In 1956 the Cliffs returned to Jamaica, where Michelle attended the St. Andrew High School for Girls. Inspired by Anne Frank, she kept a diary, which her parents discovered and read aloud before other members of the family, an experience that deeply traumatized her and kept her from writing for decades. The incident provided the starting point for the title story of the collection “Bodies of Water” (1990).
The family came back to New York in 1960 and settled on Staten Island, in a heavily West Indian neighborhood. After earning a bachelor’s degree in European history in 1969 from Wagner College on Staten Island, Ms. Cliff worked briefly as a researcher at Time-Life Books and as a production editor at W. W. Norton.

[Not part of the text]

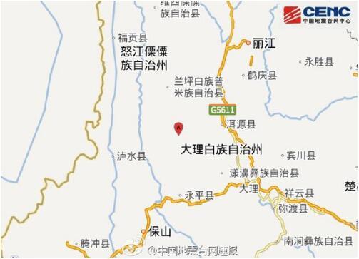 3、云南大理深夜接连发生5次地震,最大震级5级。

At the University of London, she studied art with Ernst Gombrich at the Warburg Institute and received a master of philosophy degree in 1974 after writing a thesis on the Italian Renaissance.
She returned to Norton, where she worked as a production editor for books on history, women’s studies and politics. In 1975 she met Ms. Rich, who was published by Norton. They became lifelong partners. Ms. Rich died in 2012. Information on Ms. Cliff’s survivors was not immediately available.
Read more at the New York Times. Lambda Literary also points us to a 2010 interview with Cliff here. A review by Jessa Crispin and excerpt from Cliff's 2008 collection of essays, If I Could Write This in Fire, is at NPR.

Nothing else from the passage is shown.